TASK DESCRIPTION - Copy out exactly the stretch below, from the line with "Two laundry baskets, one" through the line with "Pos Arimob Satgas", both included; the pictures stay out.

Start of Block

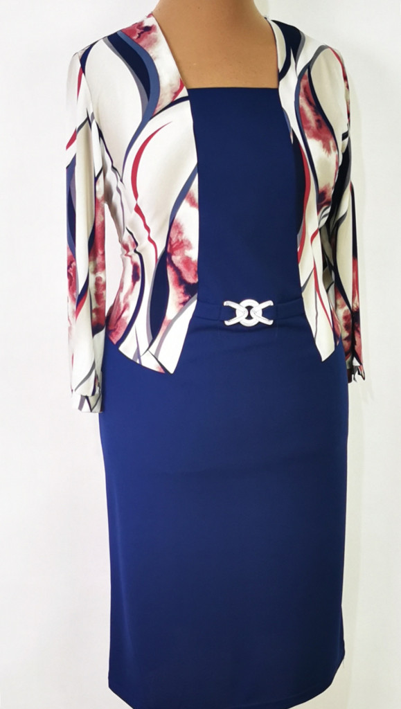 Sötétkék alapszínű, felső része, fehér-kék-bordó színű mintával díszített, deréknál díszcsatos ruha. 5-6 cm-t enged.
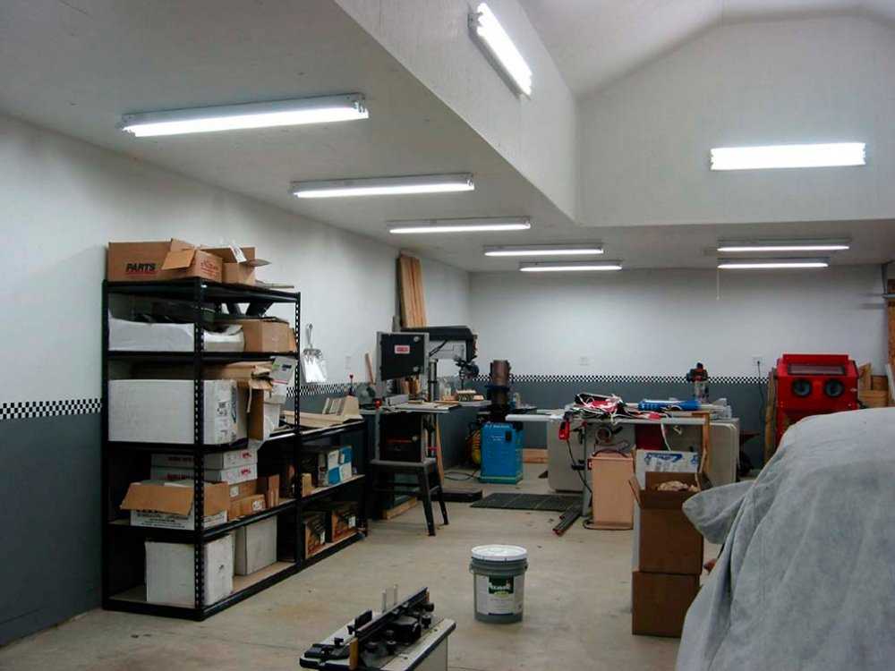 В качестве осветительных приборов подойдут лампы любого типа. Они могут быть энергосберегающими, люминесцентными, галогеновыми, простыми с нитью накаливания. В большом гараже лучше организовать зонирование, размещая приборы по модульному принципу. Для столов, рабочих поверхностей подойдет простая настольная лампа.
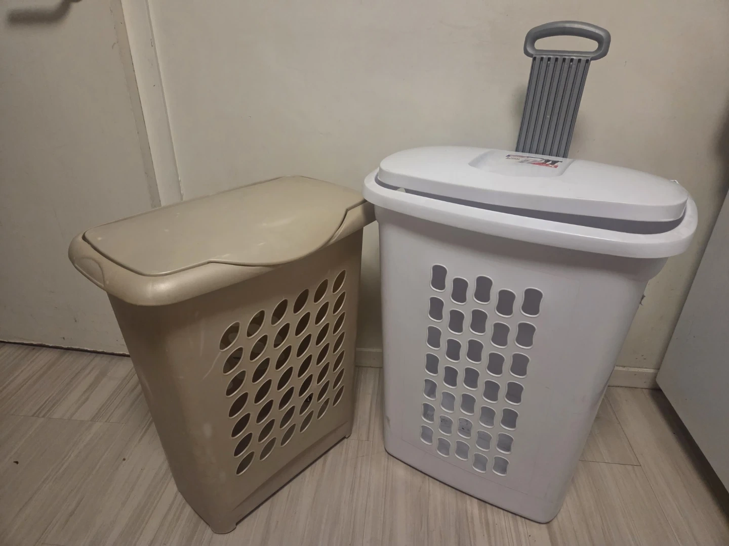 Two laundry baskets, one tan and one white. Both have lids and are made of plastic. They're great for storing and transporting laundry. They're a practical addition to any home!
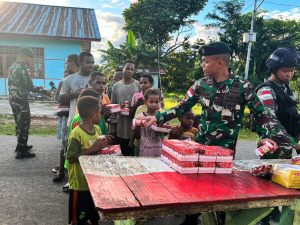 Pos Arimob Satgas Pamtas Statis RI-PNG Yonif 111/KB dipenghujung Ramadhan melaksanakan kegiatan berbagi untuk anak Kampung Maju Distrik Arimob Kabupaten Boven Digoel Papua Selatan.
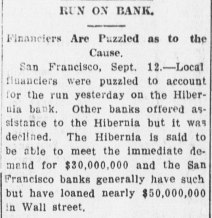 RUN ON BANK. Financiers Are Pazzled as to the Cause. San Francisco, Sept. 12.-Local financiers were puzzled to account for the run yesterday on the Hibernia bank. Other banks offered assistance to the Hibernia but it was declined. The Hibernia is said to be able to meet the immediate demand for $30,000,000 and the San Francisco banks generally have such but have loaned nearly $50,000,000 in Wall street,

End of Block

WRITTEN SOLUTION -
 Two laundry baskets, one tan and one white. Both have lids and are made of plastic. They're great for storing and transporting laundry. They're a practical addition to any home!
 Pos Arimob Satgas Pamtas Statis RI-PNG Yonif 111/KB dipenghujung Ramadhan melaksanakan kegiatan berbagi untuk anak Kampung Maju Distrik Arimob Kabupaten Boven Digoel Papua Selatan.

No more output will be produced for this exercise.